どっちの言葉を使えば日本語として正しいのか、迷った方はこのページの使い分け方を参考にしてみてください。

「道義」と「道理」という言葉は、どちらも「人の行うべき正しい道」を意味しているという共通点があり、本来の意味は少し違いますが混同して使われる傾向があります。



道義と道理の違い

道義と道理の意味の違い

道義と道理の違いを分かりやすく言うと、道義とは人の行いを表し、道理とは人の行いだけでなく物事の筋道も表すという違いです。

道義と道理の使い方の違い

一つ目の道義を使った分かりやすい例としては、「彼は道義心のある男だ」「道義と礼節を重んじる人材育成を目指す」「政治家の道義的責任を追及する」「道義にはずれた行為は許されない」などがあります。

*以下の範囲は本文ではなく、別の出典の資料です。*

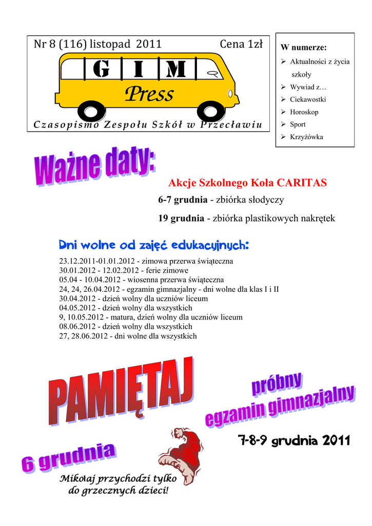 Nr 8 (116) listopad 2011 Cena 1zł W numerze: Aktualności z życia szkoły Wywiad z… Ciekawostki Horoskop Czasopismo Zespołu Szkół w Przecławiu Sport Krzyżówka Akcje Szkolnego Koła CARITAS 6-7 grudnia - zbiórka słodyczy 19 grudnia - zbiórka plastikowych nakrętek 23.12.2011-01.01.2012 - zimowa przerwa świąteczna 30.01.2012 - 12.02.2012 - ferie zimowe 05.04 - 10.04.2012 - wiosenna przerwa świąteczna 24, 24, 26.04.2012 - egzamin gimnazjalny - dni wolne dla klas I i II 30.04.2012 - dzień wolny dla uczniów liceum 04.05.2012 - dzień wolny dla wszystkich 9, 10.05.2012 - matura, dzień wolny dla uczniów liceum 08.06.2012 - dzień wolny dla wszystkich 27, 28.06.2012 - dni wolne dla wszystkich Mikołaj przychodzi tylko do grzecznych dzieci! Str. 2 Czasopismo Zespołu Szkół w Przecławiu 93. rocznica odzyskania przez Polskę niepodległości Naród, który nie szanuje swej przeszłości, nie zasługuje na szacunek teraźniejszości i nie ma prawa do przyszłości. Józef Piłsudski W piątek, 11 listopada, przypadała 93. rocznica odzyskania przez Polskę niepodległości. Święto jest obchodzone dla upamiętnienia 11 listopada 1918 r., kiedy to Polska odrodziła się po 123 latach niewoli. 10 listopada nauczyciele, pracownicy szkoły oraz my, uczniowie, elegancko ubrani przyszliśmy wspólnie świętować. O godzinie 9.35 wszyscy zebraliśmy się w sali gimnastycznej, aby wziąć udział w uroczystej akademii, przygotowanej przez uczniów pracujących pod kierunkiem p. S.Wilczyńskiego, p. D.Skrzypka, p. P.Wolaka i p. W.Kaszuba. Program artystyczny uświetniły recytacje naszych koleżanek z pierwszych klas: Klaudii Knap, Moniki Patyk, Weroniki Wilczyńskiej oraz Moniki Wacławskiej. Nie zawiedliśmy się też na naszym szkolnym chórze, który jak zawsze pięknie wykonał wszystkie utwory pod batutą zastępcy dyrygenta, Krystiana Lewandowskiego. Recytacje, scenografia, występ chóru przybliżyły społeczności szkolnej czas niewoli narodowej i odzyskanie niepodległości. Po zakończeniu części artystycznej odbyło się również ślubowanie uczniów pierwszych klas, którzy rozpoczęli naukę w gimnazjum. To oni przez najbliższe trzy lata będą tworzyć wizerunek szkoły, biorąc aktywny udział w konkursach, olimpiadach, zawodach sportowych i wypełniając swoje obowiązki. Uroczystość podsumowała p. dyrektor Barbara Dybska, która zwróciła uwagę na istotną rolę upamiętniania ważnych dla narodu wydarzeń. Kasia Uczniowie Szkolnego Koła Caritas w najbliższych dniach przeprowadzą kilka akcji, które świadczą o chęci pomocy innym i ich wielkich sercach. Najpierw z okazji dnia św. Mikołaja pozbierają prezenty - słodycze od społeczności naszej szkoły i prześlą je do Szpitala Dziecięcego w Prokocimiu. W ten sposób, obdarowując innych, każdy z nas będzie miał okazję stać się naśladowcą św. Mikołaja. Następnie uczniowie SKC przeprowadzą akcję rozprowadzania kalendarzy na 2012 rok. Znajdują się na nich zdjęcia uczennicy LO, Katarzyny Tabor; będą stanowić cegiełkę na leczenie naszej koleżanki. W najbliższym czasie planowana jest także zbiórka plastikowych nakrętek. Pomagać bowiem można nawet zbierając nakrętki. Nagrody otrzymają ci, którzy przekażą największą ich ilość. Wszystkim, którzy włączą się w jakikolwiek sposób w pomoc innym, już dziś składamy serdeczne Bóg zapłać. SKC GIMPRESS 8 (116) listopad 2011 Czasopismo Zespołu Szkół w Przecławiu Str. 3 Wywiad z przewodniczącą Samorządu Uczniowskiego, Agatą Słombą -Na początek przedstaw się, powiedz, ile masz lat i do której klasy chodzisz. -Nazywam się Agata Słomba. Mam 15 lat i chodzę do klasy 3d gimnazjum. -Jak się czujesz w roli przewodniczącej szkoły? -Jako przewodnicząca czuję się bardzo dobrze, lecz niesie to ze sobą dużo obowiązków. Na szczęście pełnienie tej funkcji ma również plusy -A jakie plany ma SU na najbliższą przyszłość? -W najbliższym czasie mamy zamiar przeprowadzić akcję "GÓRA GROSZA", do której wszystkich serdecznie zapraszamy. Poza tym w styczniu będzie prawdopodobnie zorganizowana dyskoteka, a w lutym poczta walentynkowa. -A teraz kilka słów o sobie. Czym się interesujesz? -Interesuję się muzyką oraz tańcem. Uwielbiam oglądać komedie romantyczne, czytać książki, surfować po Internecie i spotykać się z przyjaciółmi -Do jakiej szkoły wybierasz się po ukończeniu gimnazjum? -Dotychczas myślałam o kierunku związanym z kosmetologią, ale moje plany mogą ulec zmianie, ponieważ mam jeszcze trochę czasu do wybrania szkoły. Na pewno trudno będzie mi się rozstać z naszym gimnazjum. -To znaczy, że lubisz naszą szkołę? -Tak, panuje tutaj bardzo miła atmosfera. Nauczyciele są wyrozumiali i cierpliwi, a uczniowie sympatyczni -Jaka jest Twoja ulubiona lekcja w szkole? -Religia -Co sądzisz o zmianach w egzaminie gimnazjalnym? -Wydaje mi się, że są one niepotrzebne, gdyż uczniowie jeszcze bardziej będą się stresować. Tak naprawdę nie wiemy, czego możemy się dokładnie spodziewać. -Dziękuję za rozmowę. -Ja również dziękuję. Wywiad przeprowadziła Marcelina Kubek Pamięć o zmarłych w różnych kulturach "Zdałem sobie sprawę, że prawdziwą wartość drugiego człowieka odkrywamy dopiero wtedy, kiedy już go nie ma. Jak skarb, który trzymało się w dłoni, ale bezwiednie pozwoliło mu się wyślizgnąć przez palce" Jonathan Carroll Pamięć o zmarłych kultywowana jest w różnych miejscach na świecie, w najróżniejszy sposób i o różnej porze roku. Dla katolików zamieszkujących Europę Dzień Wszystkich Świętych jest dniem zadumy i refleksji nad śmiercią, sensem ludzkiego życia i jego przemijaniem. W wielu kulturach, np. w Meksyku, święto zmarłych trwa kilka dni. Na Filipinach refleksji nad śmiercią najbliższych towarzyszą huczne biesiady w namiotach zapełniających cmentarze. Powszechnie znanym świętem związanym ze zmar

二つ目の道理を使った分かりやすい例としては、「彼は道理のわかる男だ」「道理に反することは大嫌いだ」「彼女の主張は道理にかなっている」「西郷隆盛は道理にかなった正道を重んじた」などがあります。

道義と道理の使い分け方

道義と道理という言葉は、人として行うべき正しい道という共通する意味を持ちます。上記の例文にある「道理にかなった正道」はこの意味で使われているので、「道義にかなった正道」と置き換えて使うことができます。

共通する意味を持つ一方で、道理という言葉はさらに、物事の正しいすじみち、すじが通っていることの意味も持っています。上記の例文の「主張は道理にかなっている」の道理はこの意味で使われているのため、道理を道義に置き換えることはできません。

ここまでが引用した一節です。